> Task objective: What should be copied is the stretch of entries below from the line with "Navy blue and" up to and including the line with "Рамка стеклянная на", exactly and without images.

#### Information shown ####

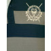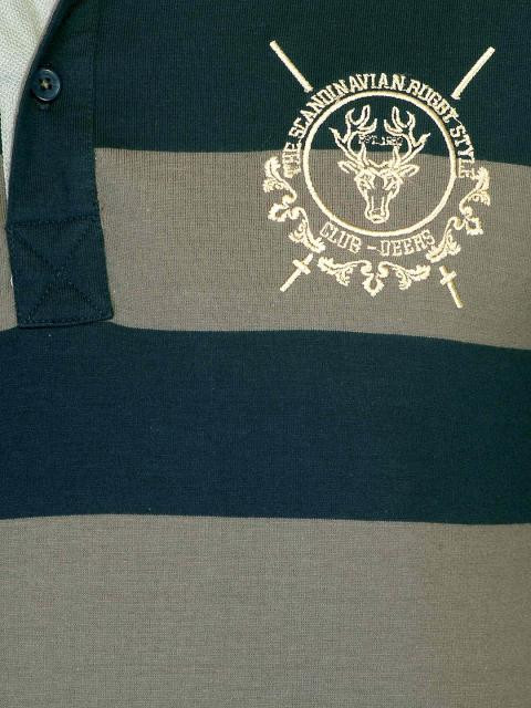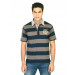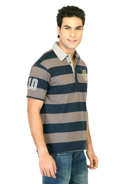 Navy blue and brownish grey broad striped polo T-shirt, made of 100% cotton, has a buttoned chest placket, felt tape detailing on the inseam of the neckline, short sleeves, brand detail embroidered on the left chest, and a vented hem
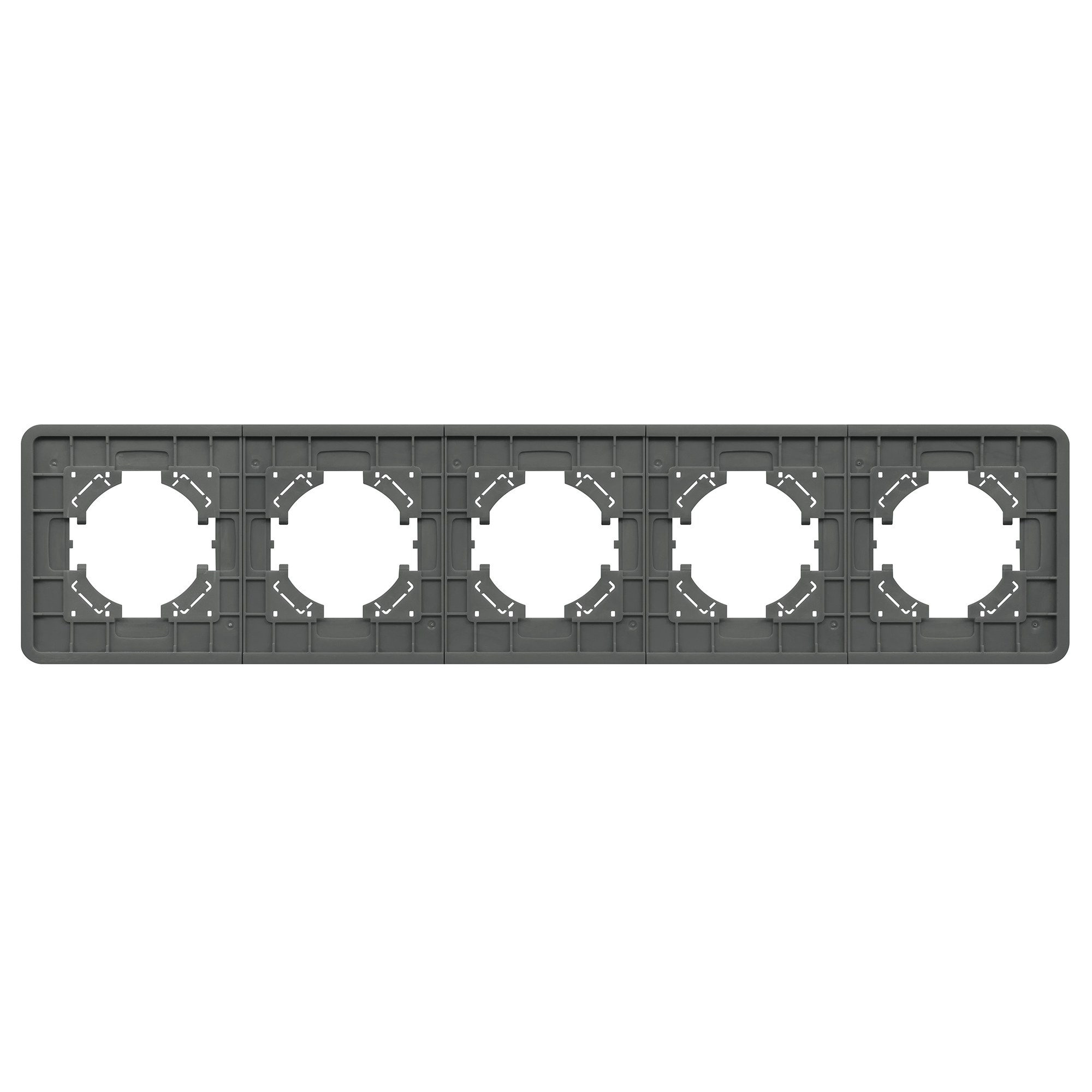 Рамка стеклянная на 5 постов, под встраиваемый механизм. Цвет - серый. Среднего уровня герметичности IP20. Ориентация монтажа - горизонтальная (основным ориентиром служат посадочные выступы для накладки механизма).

####
#### Information shown ####

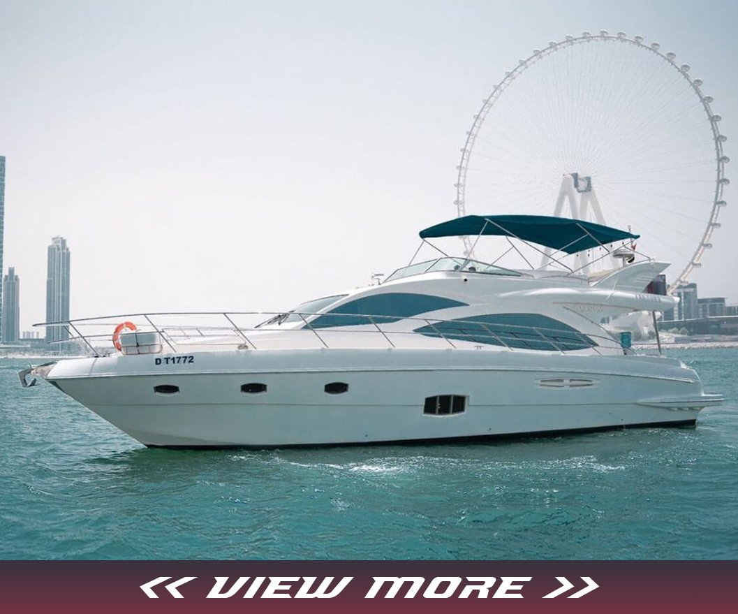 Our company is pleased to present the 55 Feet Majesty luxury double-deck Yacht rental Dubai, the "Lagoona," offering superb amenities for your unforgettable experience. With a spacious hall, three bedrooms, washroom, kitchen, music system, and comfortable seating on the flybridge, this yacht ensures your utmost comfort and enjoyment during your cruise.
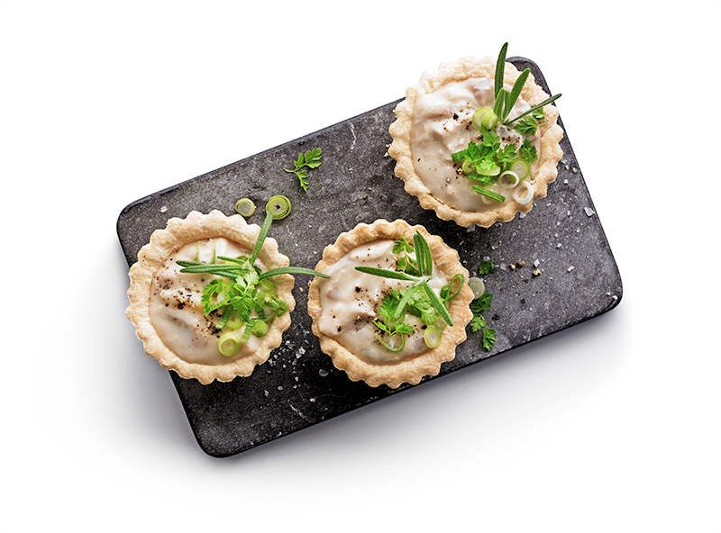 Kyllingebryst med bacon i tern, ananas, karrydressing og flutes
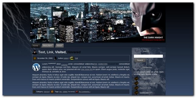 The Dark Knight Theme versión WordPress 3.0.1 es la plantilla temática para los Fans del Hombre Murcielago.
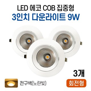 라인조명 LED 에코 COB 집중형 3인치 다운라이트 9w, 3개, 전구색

####

> Final answer:
 Navy blue and brownish grey broad striped polo T-shirt, made of 100% cotton, has a buttoned chest placket, felt tape detailing on the inseam of the neckline, short sleeves, brand detail embroidered on the left chest, and a vented hem
 Рамка стеклянная на 5 постов, под встраиваемый механизм. Цвет - серый. Среднего уровня герметичности IP20. Ориентация монтажа - горизонтальная (основным ориентиром служат посадочные выступы для накладки механизма).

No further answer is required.